##### Given data #####

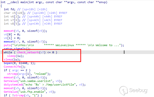 这里有一个 check_network 函数被循环调用,并且还有 sleep(1u) 的延迟,直到返回值大于0。目的可能是等待网络连接成功后再执行后续操作,这样就会陷入死循环。
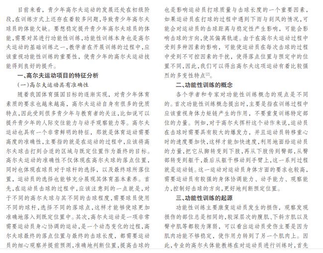 功能性训练是比较新鲜的训练方式,这种训练形式受到很多运动专家与教练的重视,广泛应用在各个领域的体 能训练中。对于青少年高尔夫体能训练来说,对其进行功能性训练可以使球员更加积极主动地练习,提升其高尔夫球技。
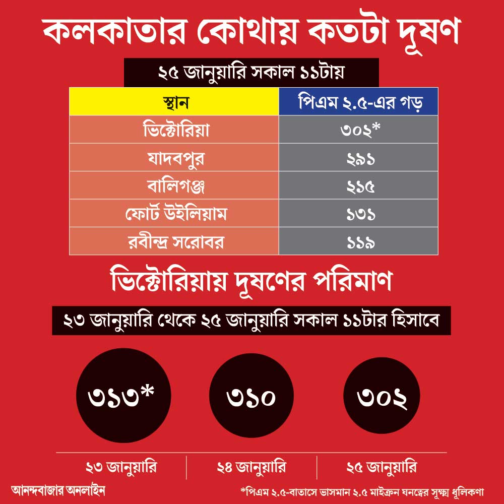 বুধবার কলকাতার সবচেয়ে দূষিত এলাকা শহরের ‘ফুসফুস’ ময়দান চত্বর। মঙ্গলবারও তাই ছিল। গত সোমবারও। এমনটাই বলছে রাজ্যের দূষণ নিয়ন্ত্রণ বোর্ডের পরিসংখ্যান। রাজ্যের দূষণ নিয়ন্ত্রণ বোর্ডের রিপোর্ট বলছে, বুধবার সকাল ১১টার রিপোর্ট অনুযায়ী, ভিক্টোরিয়া চত্বরে বাতাসে ভাসমান সূক্ষ্ম ধূলিকণার গড় (পিএম ২.৫) ৩০২ (অত্যন্ত খারাপ)। যা কলকাতার বাকি এলাকাগুলির থেকে বেশি। বিগত দু’-তিন দিন বেলা ১২টা নাগাদ বাতাসে ভাসমান ধূলিকণার পরিমাণ সব থেকে বেশি ছিল ভিক্টোরিয়া সংলগ্ন এলাকাতেই। অর্থাৎ, গত কয়েকদিনের হিসাব অনুযায়ী, ওই এলাকায় গিয়ে ‘বিষবায়ু’ গ্রহণ করছেন কলকাতার সাধারণ মানুষ। এই পরিস্থিতিতে সকালের দিকে ময়দানে প্রার্তভ্রমণে না যাওয়ার পরামর্শ দিয়েছেন পশ্চিমবঙ্গ দূষণ নিয়ন্ত্রণ পর্ষদের চেয়ারম্যান কল্যাণ রুদ্র।
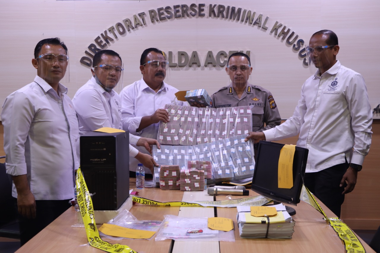 Penahanan tersangka ini disampaikan Dirrreskrimsus Polda Aceh yang didampingi Kabid Humas serta sejumlah Perwira Polda Aceh, dalam konferensi pers di aula Ditreskrimsus Polda Aceh, Rabu (16/09/2020).
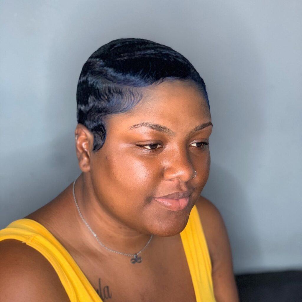 The precision in the waves gives the style a polished, sleek appearance without requiring daily upkeep. It’s perfect for those who want a bold, low-maintenance haircut that still looks intentional and chic. This short hairstyle balances sophistication and ease effortlessly.
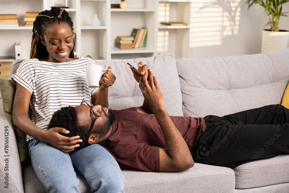 Happy Couple Relaxing On Couch, Woman Laughing Holding Coffee, Man Lying Down Enjoying Smartphone, Cozy Home Setting
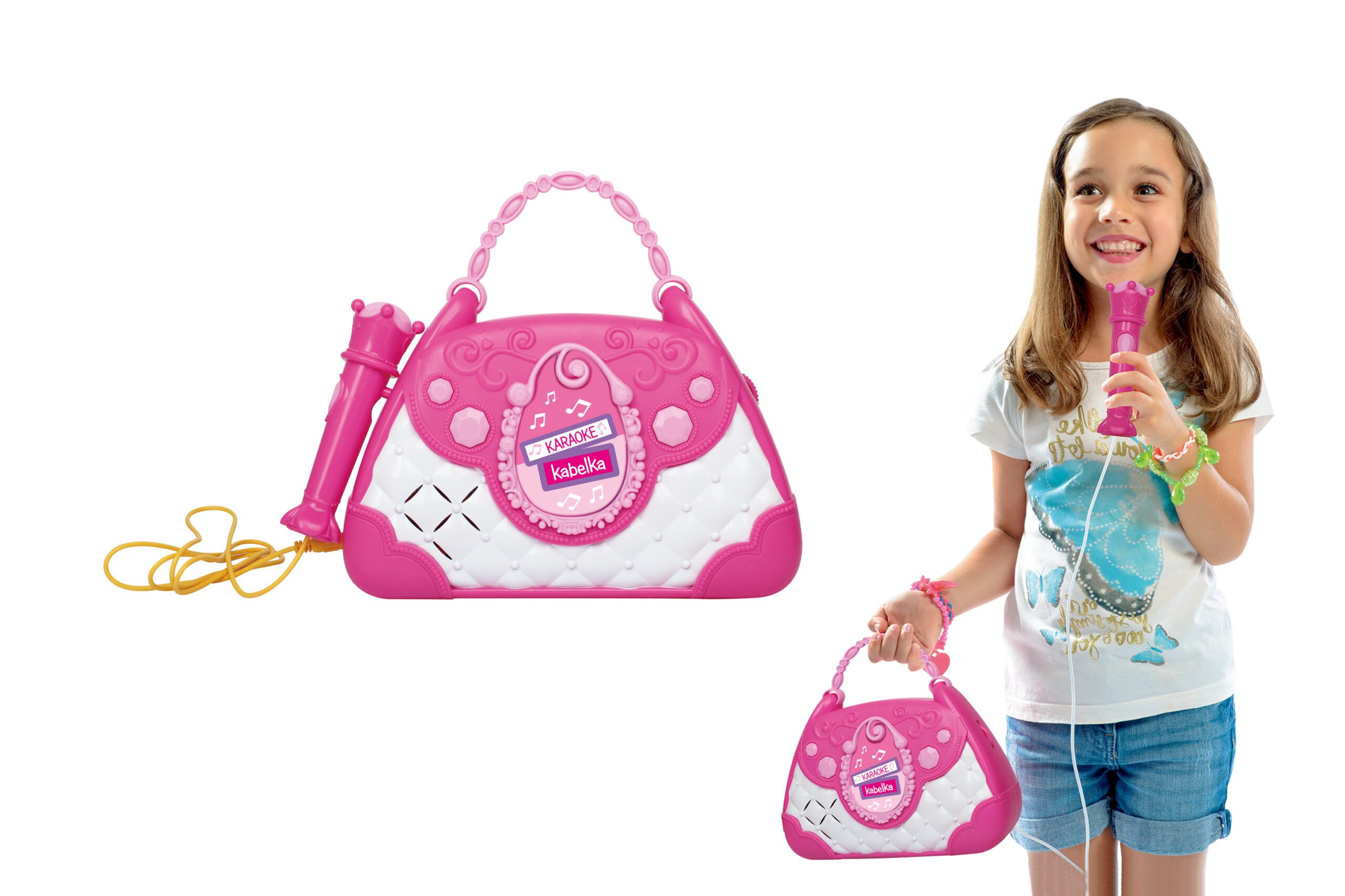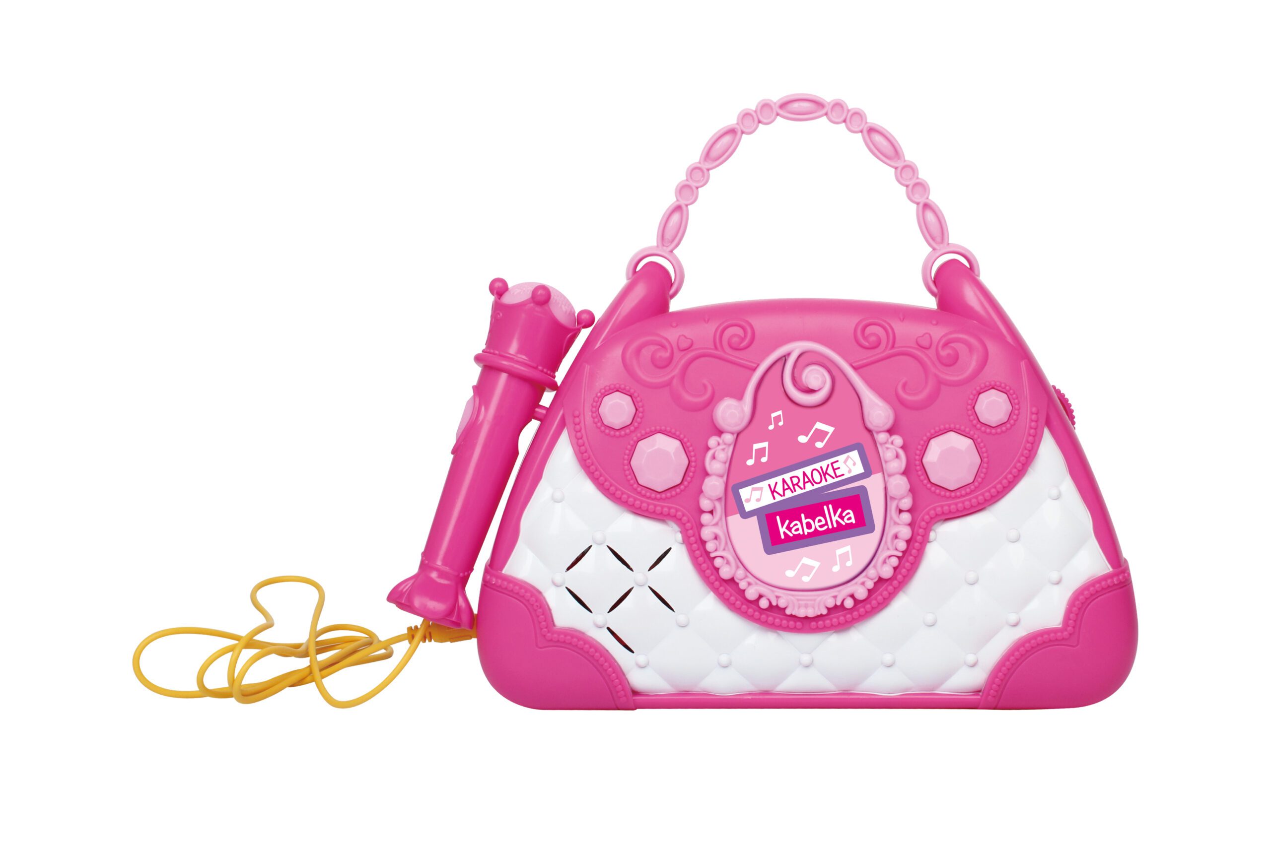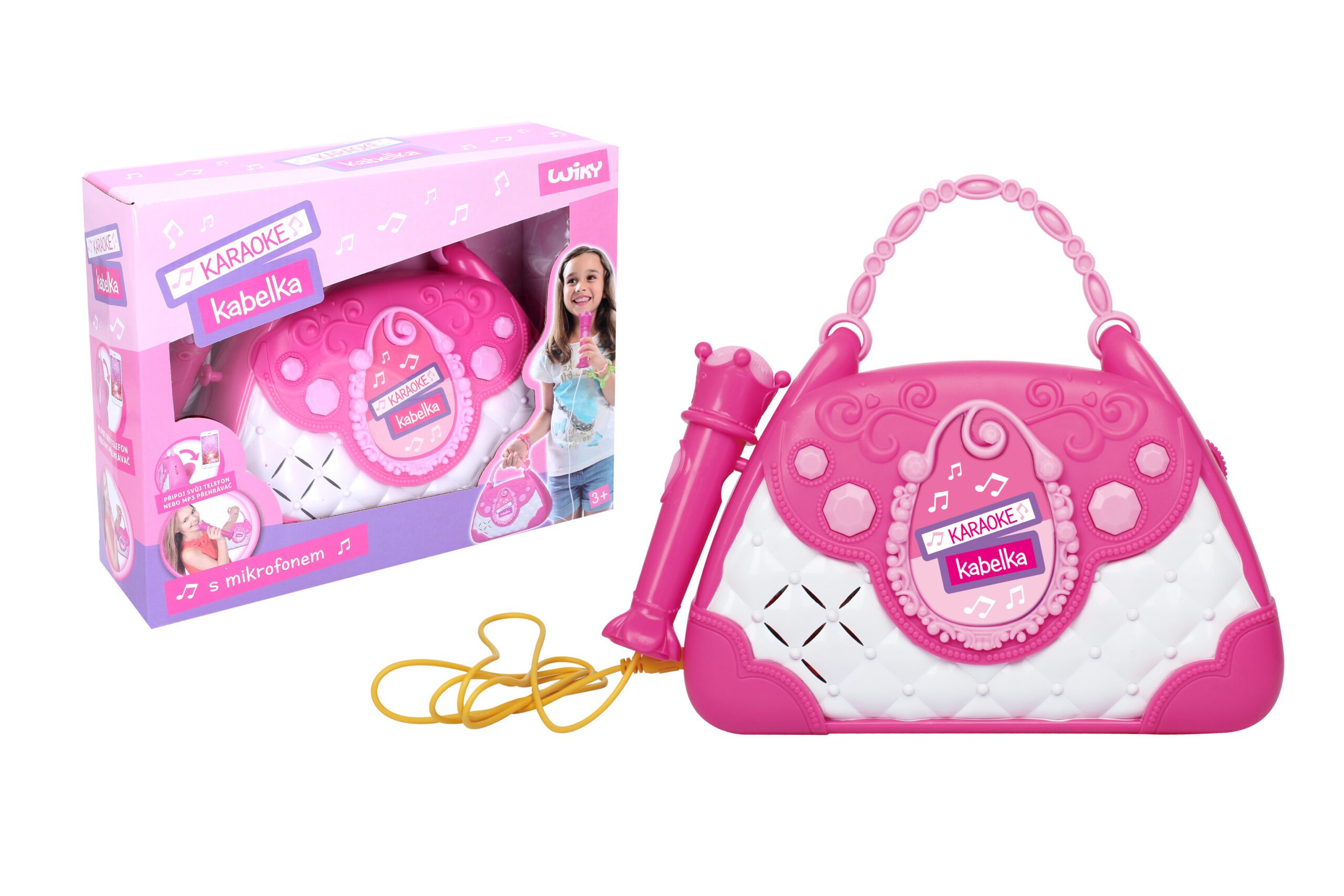 Karaoke kabelka. Světelné a zvukové efekty. Součástí mikrofon, vstup pro telefon a mp3 přehrávač, 2 tlačítka – efekt potlesku, vestavěné melodie. Přepínač ON/OFF. 3xAA baterie nejsou součástí.

#####

Find the line with "功能性训练是比较新鲜的训练方" and the line with "Penahanan tersangka ini" in the records above. Copy both and all lines between them exactly, without pictures.

Result for this exercise:
 功能性训练是比较新鲜的训练方式,这种训练形式受到很多运动专家与教练的重视,广泛应用在各个领域的体 能训练中。对于青少年高尔夫体能训练来说,对其进行功能性训练可以使球员更加积极主动地练习,提升其高尔夫球技。
 বুধবার কলকাতার সবচেয়ে দূষিত এলাকা শহরের ‘ফুসফুস’ ময়দান চত্বর। মঙ্গলবারও তাই ছিল। গত সোমবারও। এমনটাই বলছে রাজ্যের দূষণ নিয়ন্ত্রণ বোর্ডের পরিসংখ্যান। রাজ্যের দূষণ নিয়ন্ত্রণ বোর্ডের রিপোর্ট বলছে, বুধবার সকাল ১১টার রিপোর্ট অনুযায়ী, ভিক্টোরিয়া চত্বরে বাতাসে ভাসমান সূক্ষ্ম ধূলিকণার গড় (পিএম ২.৫) ৩০২ (অত্যন্ত খারাপ)। যা কলকাতার বাকি এলাকাগুলির থেকে বেশি। বিগত দু’-তিন দিন বেলা ১২টা নাগাদ বাতাসে ভাসমান ধূলিকণার পরিমাণ সব থেকে বেশি ছিল ভিক্টোরিয়া সংলগ্ন এলাকাতেই। অর্থাৎ, গত কয়েকদিনের হিসাব অনুযায়ী, ওই এলাকায় গিয়ে ‘বিষবায়ু’ গ্রহণ করছেন কলকাতার সাধারণ মানুষ। এই পরিস্থিতিতে সকালের দিকে ময়দানে প্রার্তভ্রমণে না যাওয়ার পরামর্শ দিয়েছেন পশ্চিমবঙ্গ দূষণ নিয়ন্ত্রণ পর্ষদের চেয়ারম্যান কল্যাণ রুদ্র।
 Penahanan tersangka ini disampaikan Dirrreskrimsus Polda Aceh yang didampingi Kabid Humas serta sejumlah Perwira Polda Aceh, dalam konferensi pers di aula Ditreskrimsus Polda Aceh, Rabu (16/09/2020).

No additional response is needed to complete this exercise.